Dual problem

In constrained optimization, it is often possible to convert the primal problem (i.e. the original form of the optimization problem) to a dual form, which is termed a dual problem. Usually dual problem refers to the Lagrangian dual problem but other dual problems are used, for example, the Wolfe dual problem and the Fenchel dual problem. The Lagrangian dual problem is obtained by forming the Lagrangian, using nonnegative Lagrangian multipliers to add the constraints to the objective function, and then solving for some primal variable values that minimize the Lagrangian. This solution gives the primal variables as functions of the Lagrange multipliers, which are called dual variables, so that the new problem is to maximize the objective function with respect to the dual variables under the derived constraints on the dual variables (including at least the nonnegativity).

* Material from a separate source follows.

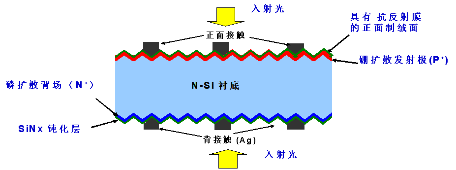 2009 年是我国N型高效电池研发与大规模生产的元年。这一年,英利集团与荷兰能源研究中心合作,启动 N型 PERT 电池研发与规模化产业化项目,不仅拉开了我国N型电池发展的大幕,也填补了我国N型及双面晶硅电池大规模产业化的空白。N 型 PERT(Passivated Emitter,Rear Totally-diffused cell,即发射极钝化全背面扩散结构N型电池)是 TOPCon电池的前身,也是全球光伏产业中第一种实现 GW 级以上规模产业化的N型硅电池技术。其制备过程以 N型硅为衬底,在正面掺杂硼形成发射极,在硅片背面掺杂磷形成背电场;随后在发射极表面生长 SiOx、Al2O3、SiNx等介质薄膜,形成钝化层与抗反射薄膜,最后通过双面印刷银(铝)浆,形成双面电池结构。

The solution of the dual problem provides a lower bound to the solution of the primal problem.^[1] However in general the optimal values of the primal and dual problems need not be equal. Their difference is called the duality gap. For convex optimization problems, the duality gap is zero under a constraint qualification condition. Thus, a solution to the dual problem provides a bound on the value of the solution to the primal problem; when the problem is convex and satisfies a constraint qualification, then the value of an optimal solution of the primal problem is given by the dual problem.

1 Duality principle
2 The linear case
- 2.1 Relationship between the primal problem and the dual problem
- 2.2 Economic interpretation
3 The non-linear case
- 3.1 The strong Lagrangian principle: Lagrange duality
- 3.2 Convex problems
4 History
5 See also
6 Notes
7 References
- 7.1 Books
- 7.2 Articles

Duality principle

In optimization theory, the duality principle states that optimization problems may be viewed from either of two perspectives, the primal problem or the dual problem.

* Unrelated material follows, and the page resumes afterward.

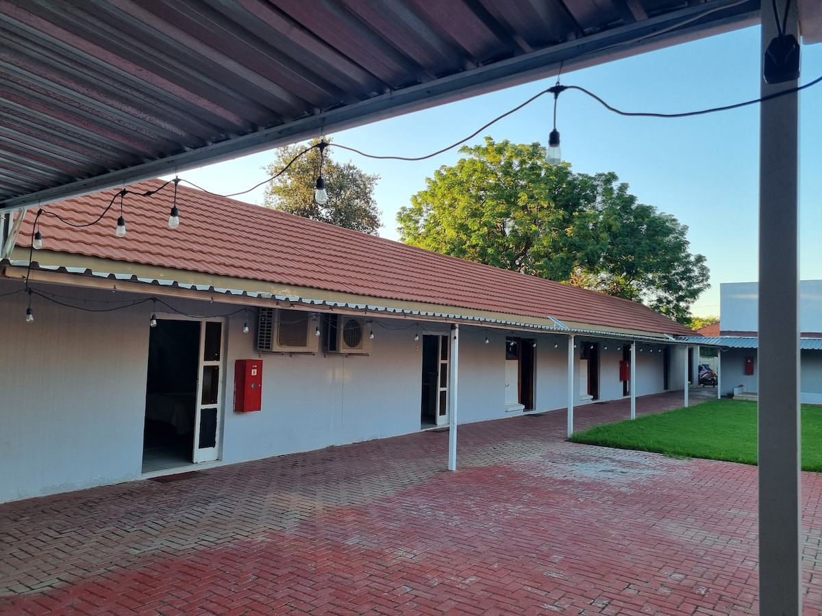 Encantador chalet en la calle más hermosa de Kroonstad Disfruta de un refugio cálido y espacioso en este chalet de planta abierta para un máximo de tres huéspedes. La cocina pequeña incluye microondas, nevera y cafetera/tetera. Duerme profundamente en una cama doble e individual, con calentador de gas y mantas eléctricas para las noches frías. Las instalaciones de Braai, el estacionamiento seguro y una ubicación privilegiada cerca de escuelas y Checkers Centre hacen de esta una estancia cómoda y acogedora.

In general given two dual pairs separated locally convex spaces $\left(X,X^*\right)$ and $\left(Y,Y^*\right)$ . Then given the function $f: X \to \mathbb{R} \cup \{%2B\infty\}$ , we can define the primal problem by

$\inf_{x \in X} f(x). \,$

If there are constraint conditions, these can be built in to the function $f$ by letting $f = f %2B I_{\mathrm{constraints}}$ where $I$ is the indicator function. Then let $F: X \times Y \to \mathbb{R} \cup \{%2B\infty\}$ be a perturbation function such that $F(x,0) = f(x)$ .^[2]

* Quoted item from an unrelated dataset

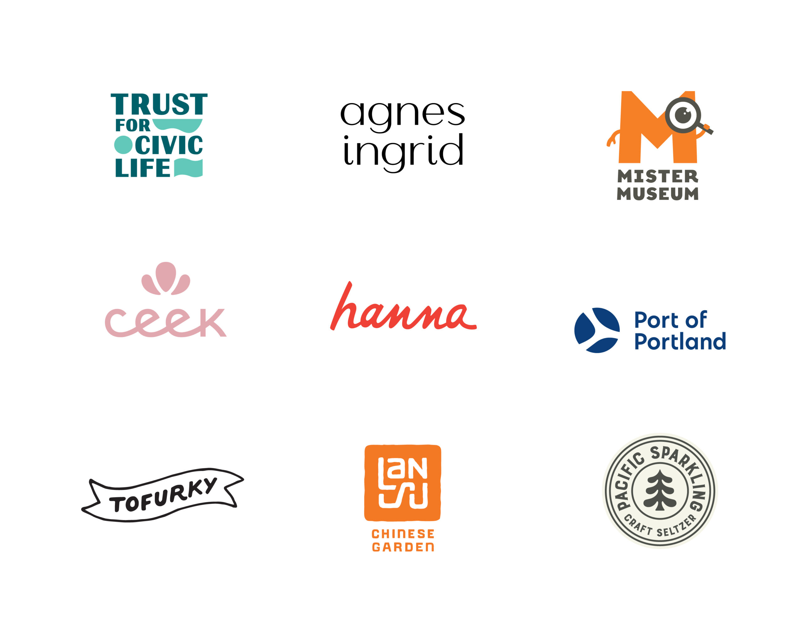 Tillamook, Lego, Umpqua Bank, Chronicle Books, Tofurky, Harry & David, Gelateria Naia, Nike, adidas, Hanna Andersson, Energy Trust of Oregon, Perfect Blends, Olympia Provisions, Oregon Humanities, Oregon Fruit Company, Trust for Civic Life, Port of Portland, Lan Su Chinese Garden, Oregon State Parks, Solmate Socks, Keen, Ninkasi, MacTarnahan Brewing, Pacific Sparkling Seltzer, Ruby Receptionists, Well Vegan, Gather Federal Credit Union

The duality gap is the difference of the right and left hand side of the inequality

$\sup_{y^* \in Y^*} -F^*(0,y^*) \le \inf_{x \in X} F(x,0), \,$

where $F^*$ is the convex conjugate in both variables.^[2]^[3]^[4]

The linear case

Linear programming problems are optimization problems in which the objective function and the constraints are all linear. In the primal problem, the objective function is a linear combination of n variables. There are m constraints, each of which places an upper bound on a linear combination of the n variables. The goal is to maximize the value of the objective function subject to the constraints. A "solution" is a vector (a list) of n values that achieves the maximum value for the objective function.

In the dual problem, the objective function is a linear combination of the m values that are the limits in the m constraints from the primal problem. There are n "dual constraints", each of which places a lower bound on a linear combination of m "dual variables".

Relationship between the primal problem and the dual problem

In the linear case, in the primal problem, from each sub-optimal point that satisfies all the constraints, there is a direction or subspace of directions to move that increases the objective function. Moving in any such direction is said to remove "slack" between the candidate solution and one or more constraints. An "infeasible" value of the candidate solution is one that exceeds one or more of the constraints.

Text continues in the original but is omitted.